TASK ITEM ▸ Nothing outside the lines below from the one containing "Недавний проход деньги" through the one containing "5 9 5近期度较热,考虑跨度3开出后容易出大跨度,近期大小规律下大:偶:合,所以接下来继续大跨,偶跨度表现!" is to be printed; print those exactly, ends included, and drop the pictures.

PROVIDED RECORDS ▸
[Start of Attachment]
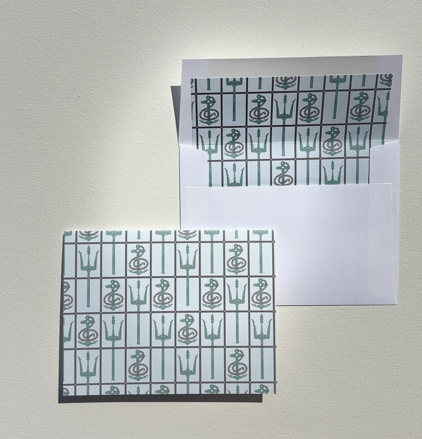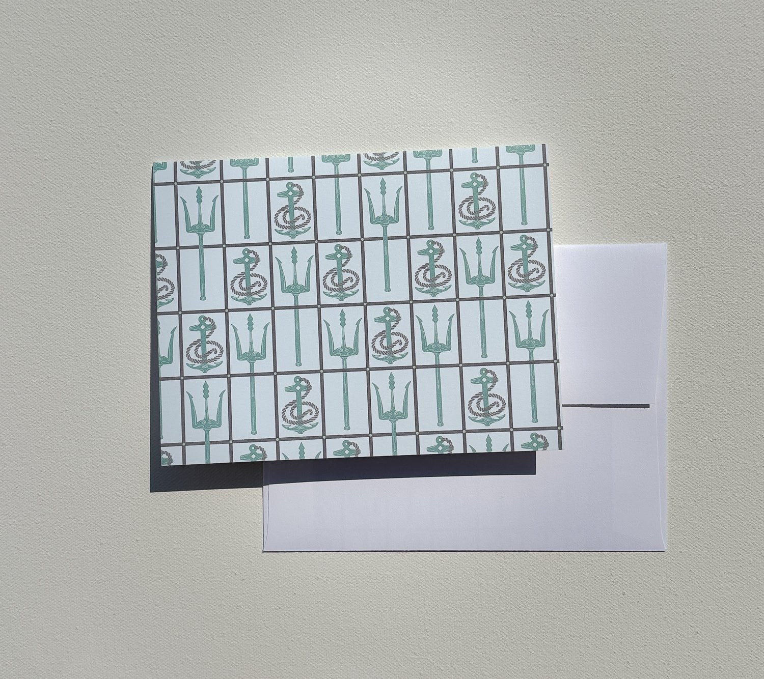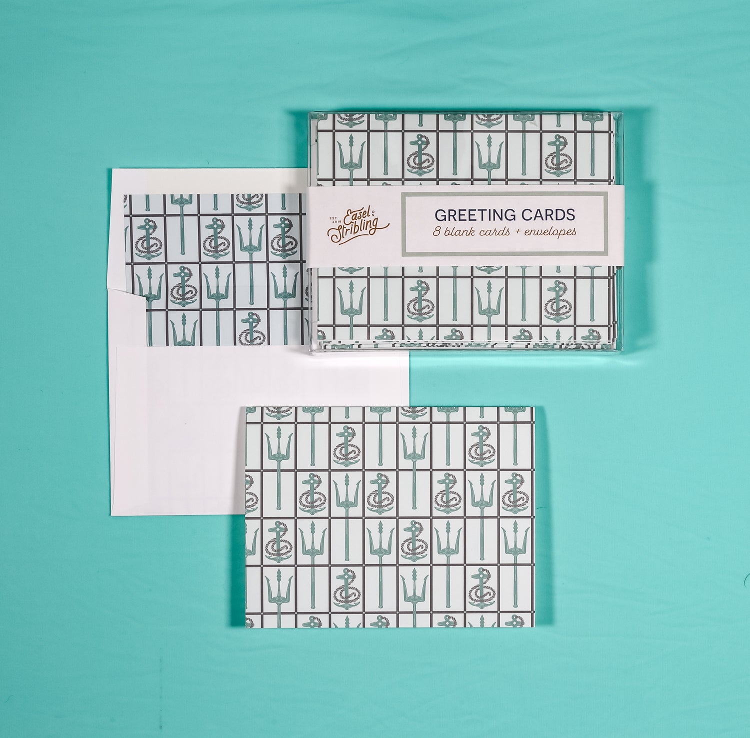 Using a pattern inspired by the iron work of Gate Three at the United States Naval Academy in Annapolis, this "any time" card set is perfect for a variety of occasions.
[End of Attachment]
[Start of Attachment]
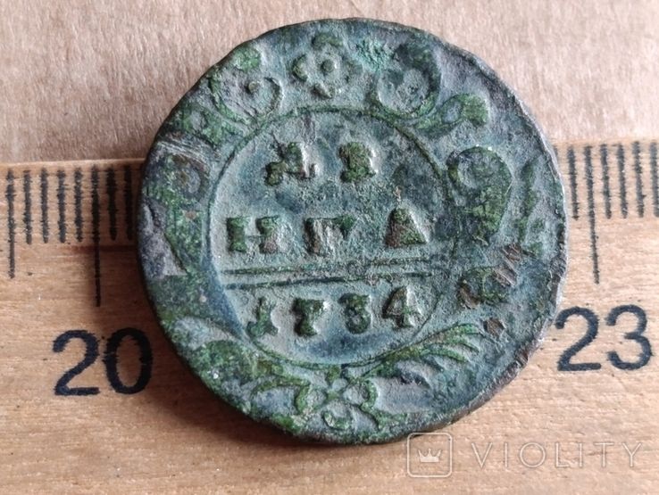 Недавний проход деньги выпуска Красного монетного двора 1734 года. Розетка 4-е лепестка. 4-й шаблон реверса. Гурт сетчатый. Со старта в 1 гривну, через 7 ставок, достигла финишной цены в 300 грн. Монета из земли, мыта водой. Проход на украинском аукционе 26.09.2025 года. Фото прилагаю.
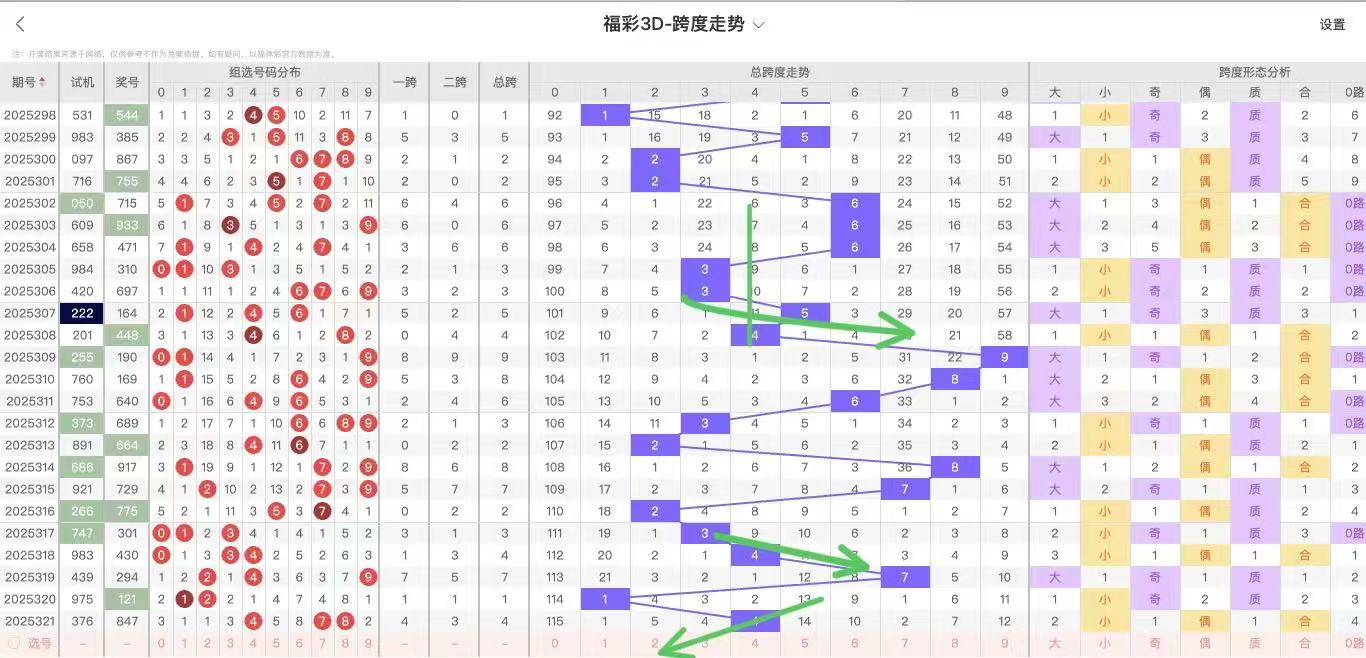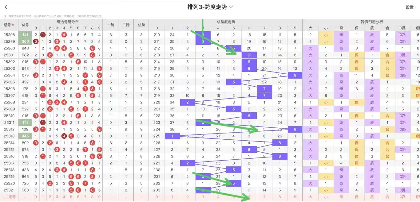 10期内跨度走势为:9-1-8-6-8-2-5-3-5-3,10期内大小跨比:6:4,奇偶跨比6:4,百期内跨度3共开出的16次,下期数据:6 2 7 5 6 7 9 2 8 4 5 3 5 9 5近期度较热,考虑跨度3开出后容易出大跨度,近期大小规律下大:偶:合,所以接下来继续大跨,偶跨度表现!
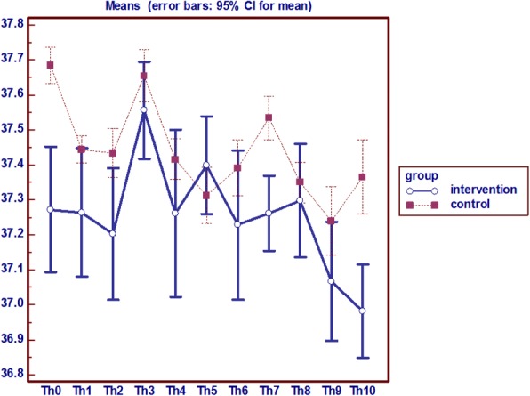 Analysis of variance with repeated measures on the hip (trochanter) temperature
[End of Attachment]
EXPECTED OUTPUT ▸
 Недавний проход деньги выпуска Красного монетного двора 1734 года. Розетка 4-е лепестка. 4-й шаблон реверса. Гурт сетчатый. Со старта в 1 гривну, через 7 ставок, достигла финишной цены в 300 грн. Монета из земли, мыта водой. Проход на украинском аукционе 26.09.2025 года. Фото прилагаю.
 10期内跨度走势为:9-1-8-6-8-2-5-3-5-3,10期内大小跨比:6:4,奇偶跨比6:4,百期内跨度3共开出的16次,下期数据:6 2 7 5 6 7 9 2 8 4 5 3 5 9 5近期度较热,考虑跨度3开出后容易出大跨度,近期大小规律下大:偶:合,所以接下来继续大跨,偶跨度表现!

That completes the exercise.